Keep the images out while you retype all of the data exactly.

Recorded data.

□ □ □ □

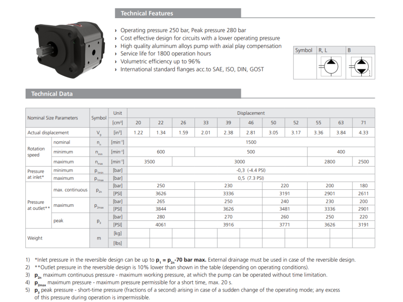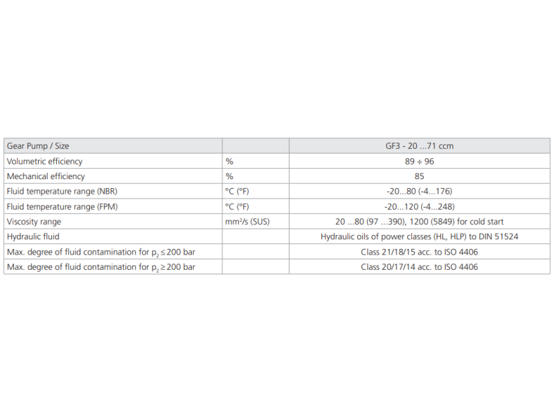 Pompa zębata z ciśnieniem szczytowym do 280 Bar o prędkości obrotowej do 3500 obr/min.
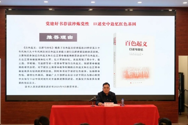 近日,百色起义纪念园管理中心党总支以“党建好书荐读淬炼党性,口述史中追忆红色基因”为主题,开展第四十六期读书分享会。党员干部在《百色起义:口述与回忆》字里行间...
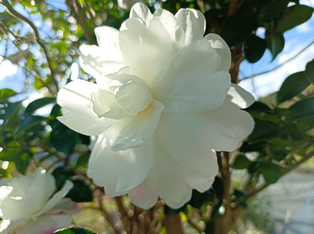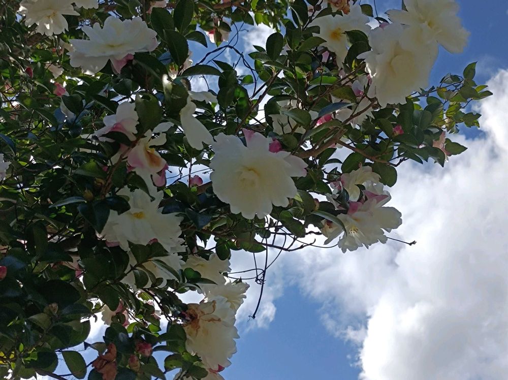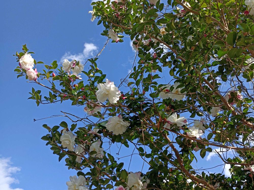 山茶花,青空とサザンカ(白),青空とサザンカ(白)の投稿画像
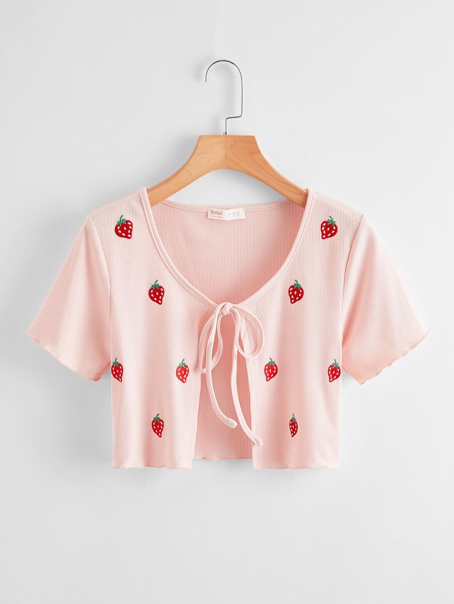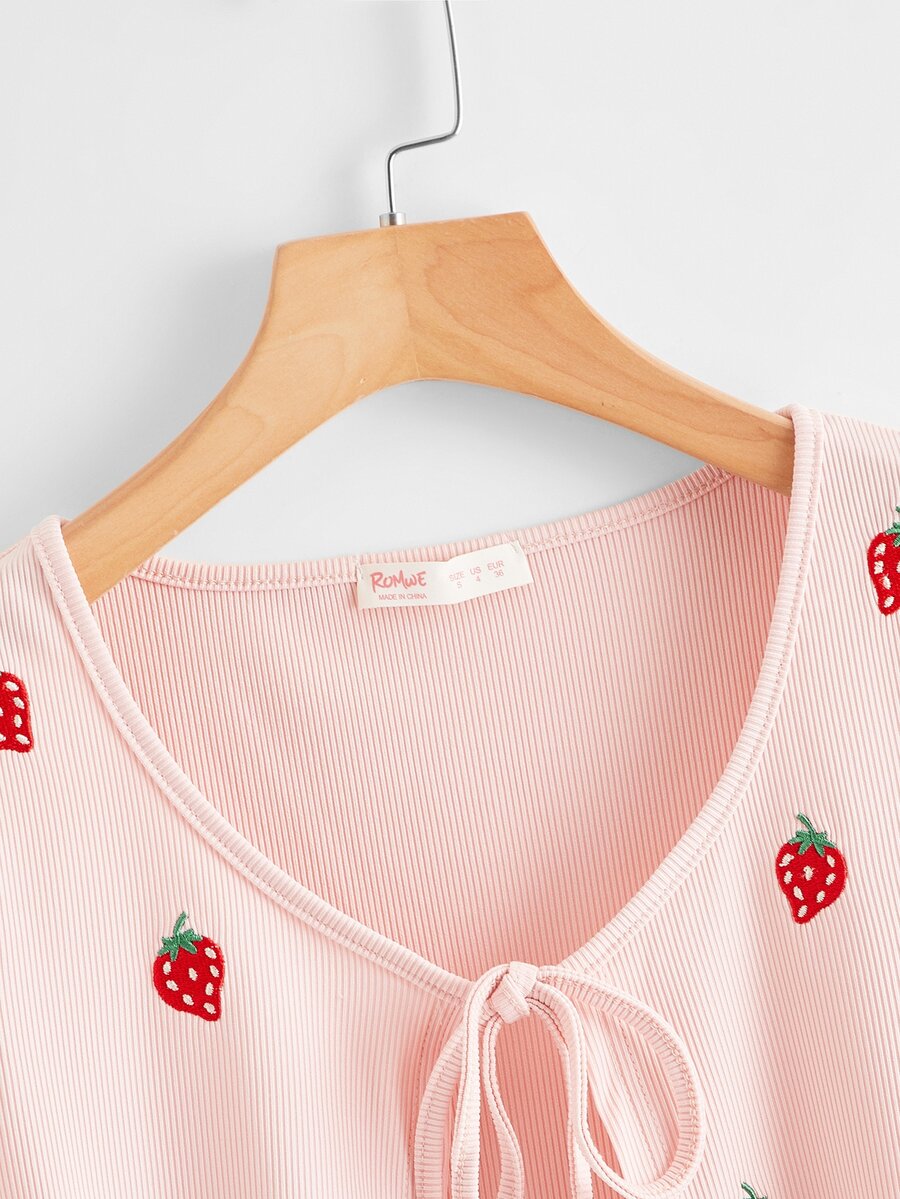 Top court avec broderie et nœud

□ □ □ □

Final answer.
 Pompa zębata z ciśnieniem szczytowym do 280 Bar o prędkości obrotowej do 3500 obr/min.
 近日,百色起义纪念园管理中心党总支以“党建好书荐读淬炼党性,口述史中追忆红色基因”为主题,开展第四十六期读书分享会。党员干部在《百色起义:口述与回忆》字里行间...
 山茶花,青空とサザンカ(白),青空とサザンカ(白)の投稿画像
 Top court avec broderie et nœud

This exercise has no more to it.